Evaluation of the key factors to dominate aerobic ammonia-oxidizing archaea in wastewater treatment plant

Wastewater treatment plants (WWTPs) face great challenges globally, especially in China, for increasingly strict discharge standard. Abundance of AOA was found dramatically higher in a SBR WWTP in South China (ZSH) recently, which achieved extremely low ammonium concentration in effluents. Moreover, AOA equips lower half-saturation constant (Km) for dissolved oxygen (DO) and ammonia in comparison with AOB, which indicate AOA can oxidize ammonia to nitrite more thoroughly than AOB. Thus, AOA may play an important role for nitrogen removal in SBR WWTP. To understand the key factors for AOA dominance in SBR WWTP is of importance for designing and operating WWTP in future. In this study, a Nitrosocosmicus sp.
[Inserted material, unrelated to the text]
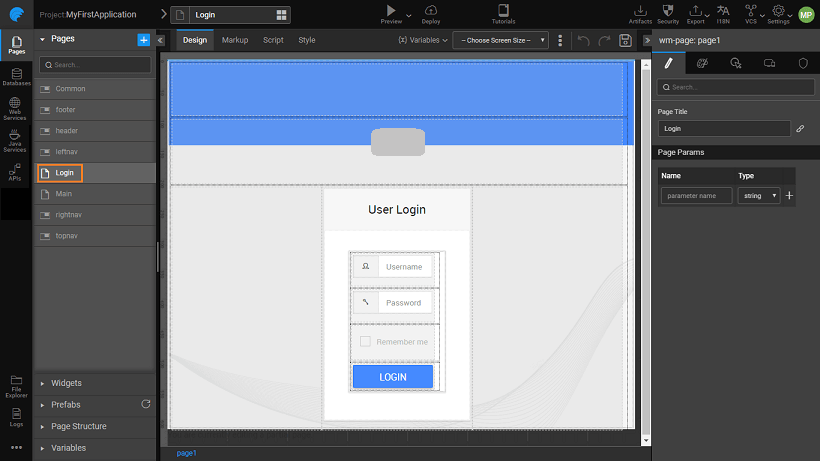 A Login page is added to your app, by default.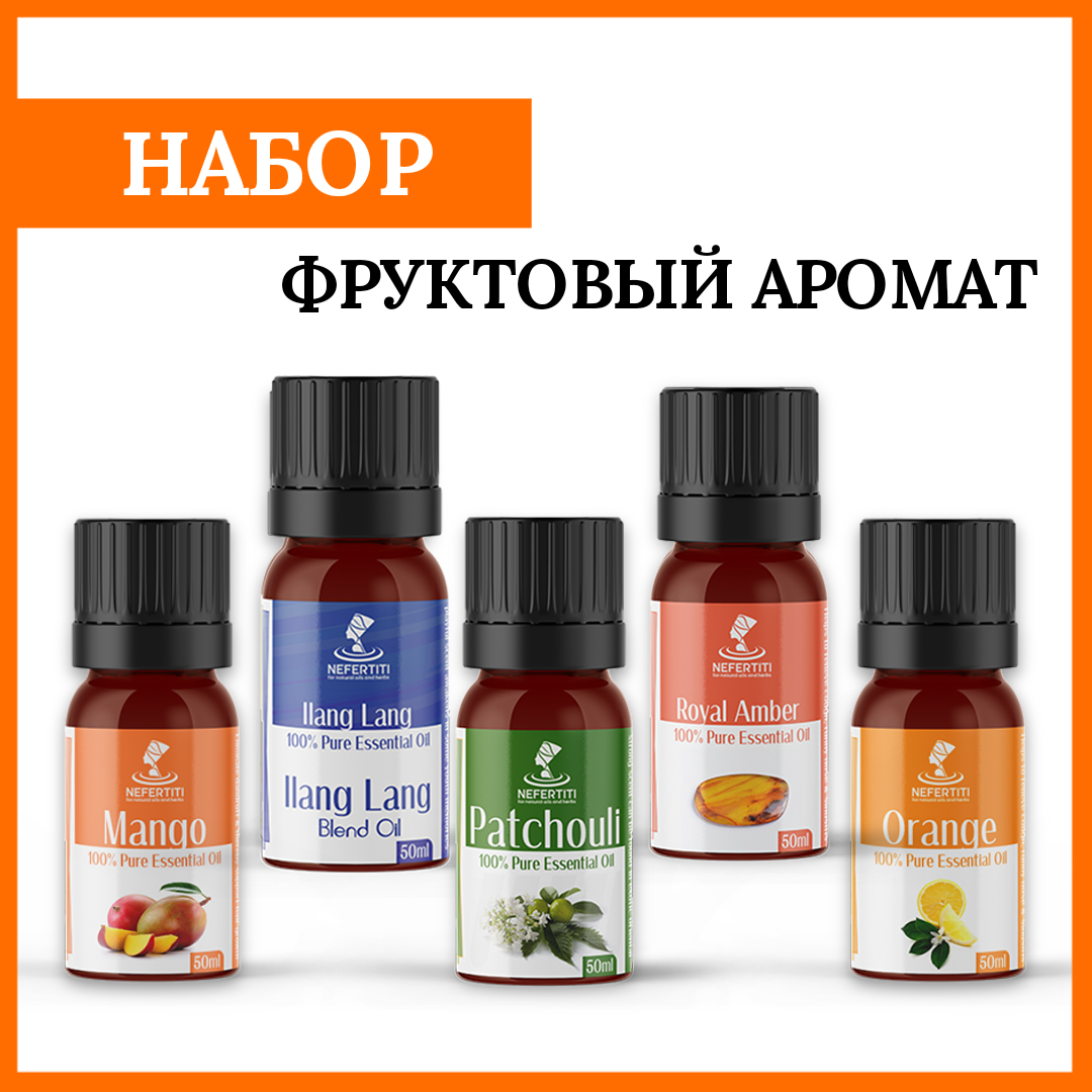 Масло манго — 30 мл Масло иланг-иланг — 50 мл Масло апельсина — 30 мл Масло амбер — 30 мл Масло пачули — 30мл |

AOA was enriched from the ZSH SBR WWTP. Growth, pH, temperature, ammonium and oxygen tolerance of AOA enrichments were explored. Moreover, ammonia-oxidizing pathway was investigated with presence of PTIO as inhibitor, and the production of middle products (NH2OH and N2O) during ammonia oxidation were monitored over time. Growth of Nitrosocosmicus sp. AOA was observed with a doubling time of 4.5 days, which was active under a wide pH range (6.0–9.0), with optimal pH of 7.5. Activity of Nitrosocosmicus sp. AOA increased with increasing of ammonium concentration below 40 mM, which was suppressed above 40 mM ammonium. Moreover, Km for ammonia and oxygen were 0.14 μM and 4.1 μM, respectively, which suggested the enriched AOA could thoroughly oxidize ammonia under low dissolved oxygen conditions. Activity of Nitrosocosmicus sp. AOA was completely inhibited by PTIO. Emission of N2O by AOA (0.05%) was lower than most reported AOB and Comammox bacteria. Our results demonstrated that the long sludge retention time, intermittent aeration, high ammonium and pH resistance were most probably the controlling factors for AOA dominance in WWTPs, which benefitted to lowing ammonium in effluents, saving energy and reducing greenhouse gas in future.